Terörle, teröristle mücadelede başarı güvenlik güçlerinin donanımı ve kullanılan teknoloji kadar, istihbaratın etkinliğiyle de bağlantılı bir durum. Yani caydırıcılık açısından var olan vurucu güçle birlikte özellikle güvenilir, net bilgi elde etmek ve doğru ya da nokta hedeflere yönelmek de gerekiyor. Hem arananlar listesindekileri temizlemek hem de eylem hazırlığındaki teröristleri harekete geçmeden enselemek açısından. Bu bağlamda da son dönemlerde MİT ve güvenlik güçlerinin iş birliğiyle son örneğini PKK/KCK’nın Irak Sincar’daki silahlı kanadının sözde üst düzey sorumlularından “Serhat Patnos” kod adlı Fuat Zengin’in etkisiz hale getirilmesinde gördüğümüz gibi, nokta vuruşlarla terör örgütünün lider kadrosundan pek çok isim temizlendi, kesintisiz devam eden operasyonlarla da binlerce terörist etkisiz hale getirildi. Önceden alınan duyumlarla da çok sayıda terör saldırısı önlendi. Yani şu anda istihbarat olarak Türkiye çok önemli bir yerde. Silahlı silahsız insansız hava araçlarıyla, özel kuvvetleriyle ve MİT’in terör örgütünün iliklerine sızdırdığı elemanları ve bölgedeki yerel haber kaynaklarıyla gerçekten çok iyi bir hedef tarifi var. Bu hedeflerin karargâha yansıtılması ve o hedeflere uygun planlama, dolayısıyla kurumlar arasındaki koordinasyon da çok başarılı. Üstelik de ABD, İsrail’in gizli servislerinin terör örgütüyle olan kirli ilişkilerine rağmen. Nasılını geçmişte kritik görevlerde bulunan eski istihbaratçı Metin Ersöz anlatıyor:
“Özellikle Pentagon’daki bazı subaylar sahada bunları çok destekliyor veya Pentagon’un sivillerden, komandolardan oluşturduğu özel birlikler, yani taşeron firmalar Suriye’de, Irak’ta teröristlere çok yakın. İsim isim bu adamları biliyorum. ABD ve İsrailli özel güvenlikçiler bölgede Pentagon’daki bazı subayların inisiyatifiyle çalışıyorlar. Maalesef ABD’deki Yahudi, Ermeni lobilerine bağlı ve onların satın aldığı FETÖ’nün de irtibat kurduğu bu subaylar ile özel güvenlik şirketlerinin elemanları bölgede Türkiye’ye karşı hasmane tavırlarını sürdürüyorlar. PKK’lıları yönlendiriyorlar.”

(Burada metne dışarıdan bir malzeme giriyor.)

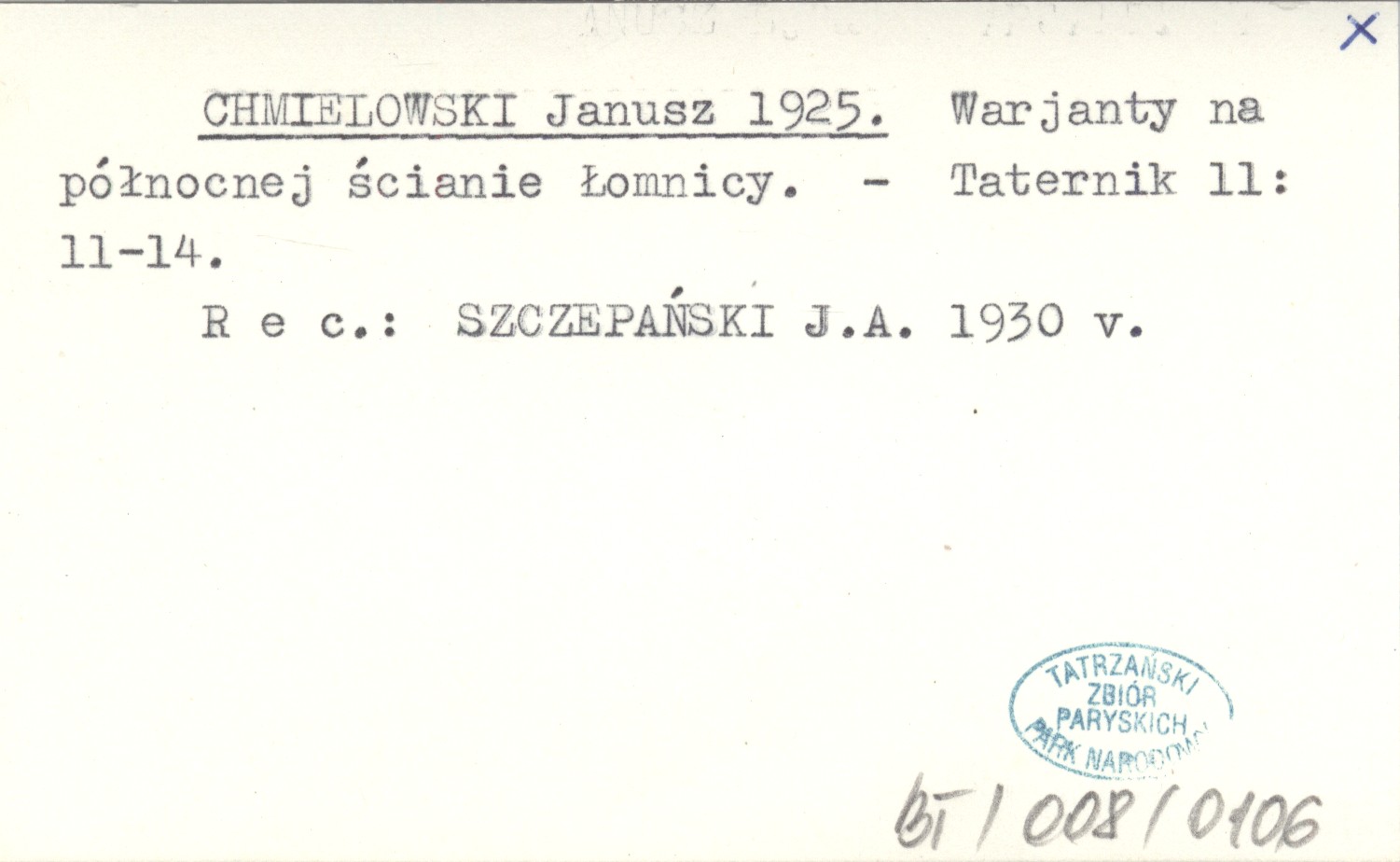 CHMIELOWSKI Janusz 1925 Warjanty na północnej ścianie Łomnicy.

Ersöz, tüm bu olumsuzluklara rağmen terörle mücadelede alınan başarılı sonuçların nedenlerini de şöyle sıralıyor:
“Şu anda kurumlar arası koordinasyon çok iyi. Yani jandarma, polis ve MİT’in bilgi paylaşımında ve hızlı davranmada koordinasyonu iyi sağlamaları bu konuda etkinliği oluşturuyor. Bir de bilgi toplama yöntemlerinde Türkiye çağa ayak uydurdu elektronik istihbarattaki kazanımlar ile, tabii ki güçlü bir irade ve kararlılık bu başarıyı getirdi. Eskiden jandarma ayrı, polis ayrı bir kurumdu, siz güvenlik güçlerine operasyon yapılması gereken istihbaratı verdiğiniz zaman bunlar gecikiyorlardı. O zaman da hedefler kaçıyordu ama şimdi o durum yok, elektronik kontrol unsurları fazla, insana dayalı istihbaratta da etkinlik sağlanınca bu başarı kaçınılmaz oldu. Artık örgüt eskisi kadar savaşçı da bulamıyor. Bunda da HDP il binası önündeki ailelerin evlat nöbetinin çok büyük etkisi oldu. Yani İçişleri Bakanlığı’nın o yöndeki psikolojik mücadelesi son derece başarılı sonuçlar verdi, terör örgütüne katılımı azalttı. Çünkü bölgede PKK ve türevlerinin baskısı vardı, şimdi o baskı kırılmaya başladı. Ciddi bir psikolojik savaş verildi yani bu arada.”
Mesela?
“Daha önce kendimizi ifade etmekte, daha doğrusu, siyasilerin durumu ifade etmekte sıkıntıları vardı. Bugün hükümetin bu konuda başarı oranı yüksek. Şu anda iktidar diyor ki ‘PKK ayrı o bir terör örgütüdür, onunla gerektiği gibi mücadele ediyoruz ama Kürt vatandaşlarımız da vardır o ayrı.’ Biz de Kürt’üz diyen bakanlar, ‘Birlikteyiz, diğer demokratik sorunlarımız ayrıdır, PKK’nın bunu istismar etmesine izin vermeyeceğiz’ sözleriyle, en azından benim gördüğüm kadarıyla, PKK destekçilerinin yüzde 30’unu bu tarafa çekmeyi başardı. Bu süreç devam ediyor tabii. Ama maalesef sırf hükümete olan tepkiyi ortaya koymak adına bu politikanın hiçbir şeye yaramayacağı, PKK’nın yine bölgede güç olduğu şeklinde etnik, tutucu, siyasi dogmatik bir görüş de var. O da çok yanlış. Hükümete tepki gösterebilecek başka şeyler varken bu konularda tepki göstermek hiç doğru değil. Bizim 1980’lerden beri ortaya koymak istediğimiz budur. Terörle mücadelede hiçbir tolerans gösterilmez, teröristle masaya oturulmaz. Çünkü güvenilmez, devamlı aldatır. Hükümet bunları başta yaptı, eleştirdik ama şimdi de bu noktaya geldiler. Dolayısıyla, bunu dile getirip takdirlerimizi belirtmemiz lazım.”